Many say that it cannot happen with Boveda packets. If that's the case, then it's not a concern. However, think of the cigar as a dry sponge. It has no membrane, or whatever, limiting it to sucking up only 65% of the available RH. If it continues sucking up the RH to a point where the ambient RH is less than 65%, the Boveda packet should continue to release RH.

That's just my humble opinion!


----------



## socalocmatt (Dec 22, 2010)

I know I'm beating a dead horse but Boveda packs are perfectly fine when touching the cigars as long as the rh is what you want your stick to be at.



JohnnyFlake said:


> Many say that it cannot happen with Boveda packets. If that's the case, then it's not a concern. However, think of the cigar as a dry sponge. It has no membrane, or whatever, limiting it to sucking up only 65% of the available RH. If it continues sucking up the RH to a point where the ambient RH is less than 65%, the Boveda packet should continue to release RH.
> 
> That's just my humble opinion!


Looking at the dry sponge analogy, a sponge can only soak up as much water as what is available. In the same manner, a cigar will never be able to soak up more humidity than the rested ambient rh as long as that humidity is limited to the rested ambient rh. That is what the Boveda packs do. They limit the rh output and thus disallow a cigar to absorb a humidity that is greater than the stated humidity on the pack.

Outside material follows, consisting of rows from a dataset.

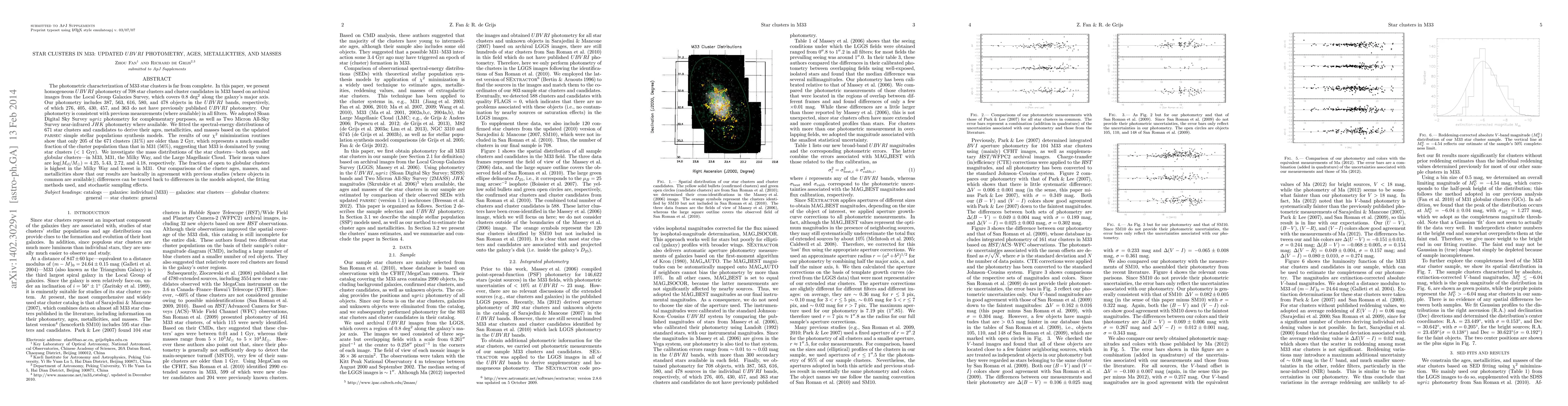 This paper provides homogeneous UBVRI photometry for 708 star clusters in M33, revealing that 70% of them are younger than 1 Gyr, contrasting with older clusters in M31. The study also compares the mass distributions of star clusters across different galaxies, finding M33 dominated by young clusters.
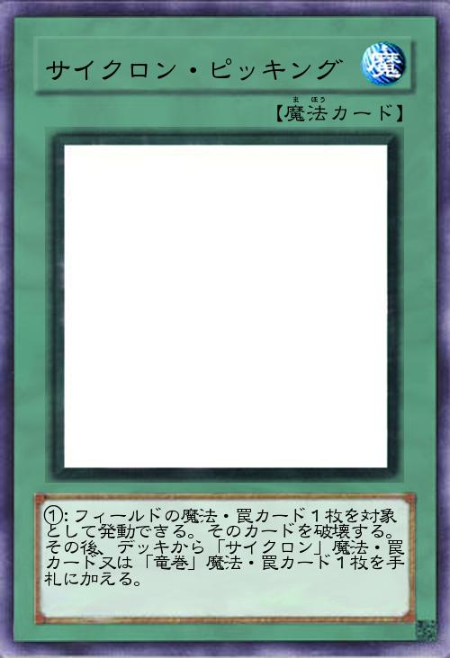 | ①:フィールドの魔法・罠カード1枚を対象として発動できる。そのカードを破壊する。その後、デッキから「サイクロン」魔法・罠カード又は「竜巻」魔法・罠カード1枚を手札に加える。 | |||
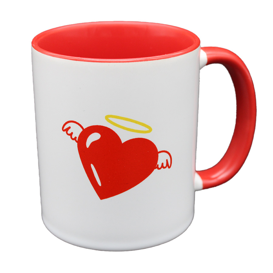 Weiße Tasse mit rotem Henkel und witzigem Spruch – Geschenkidee mit Herz
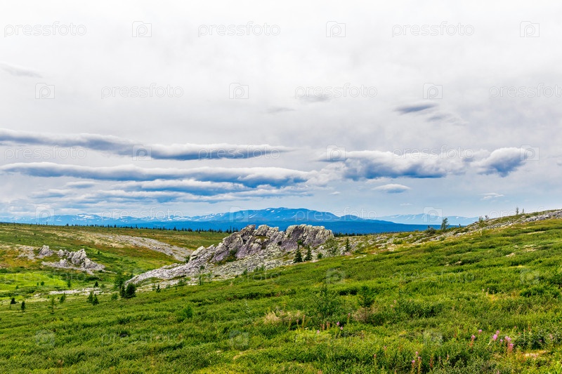 Зеленый луг с грядой серых скал
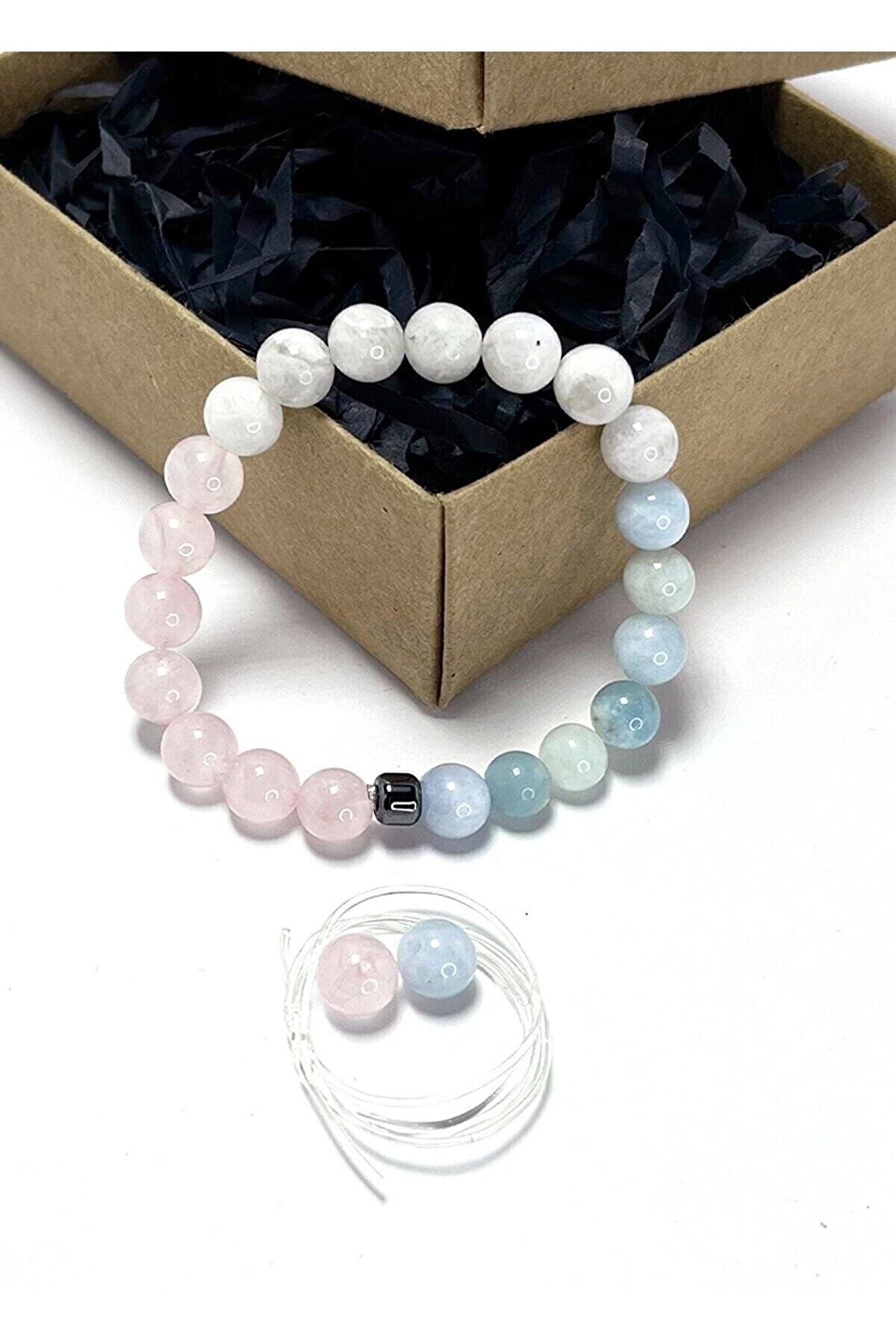 Doğal taş kullanımı sayesinde her bileklik benzersiz ve otantik bir görünüm sunar; Akuamarin, pembe kuvars ve ay taşı gibi değerli taşların birleşimiyle sevgi ve şefkati simgeler; 8 mm boyutundaki taşlar, bileklikte zarif bir doku oluşturarak dikkat çekici bir aksesuar haline gelir; Doğal taş materyali ile hem dayanıklılık hem de estetik bir parlaklık sağlar;

The only point of concern that I would have with putting cigars in contact with a Boveda pack is when dealing with extremely old packs where the package itself fails. The pack will leak and you could possibly mess up a cigar or two that way if it goes unnoticed.










To the OP's main question:
You will want some extra room in you humi because you will want some air exchange. It will help in the long run with resting/aging. If you're opening you humi a couple of times a day, every day, then it's less of a concern (IMO) but most people don't.


----------



## demuths1770 (Jan 2, 2014)

i personally dont see an issue with boveda touching cigars. i have stored my cigars that way for over two years now and look at it as if it was a bad thing cigar companies would not just put them on the top of ciagrs in boxes and retailers would not put them in bags when shipping cigars. boveda wanted to make it as easy as possible for cigar smokers and companies. as for the space you will want some space for air exchange but not a lot of space is needed. personally i would load the drawers up with cigars and put the boveda on top. that way you have some air space at the top with the boveda packs and the space around the packs. thats all just my .02 though


----------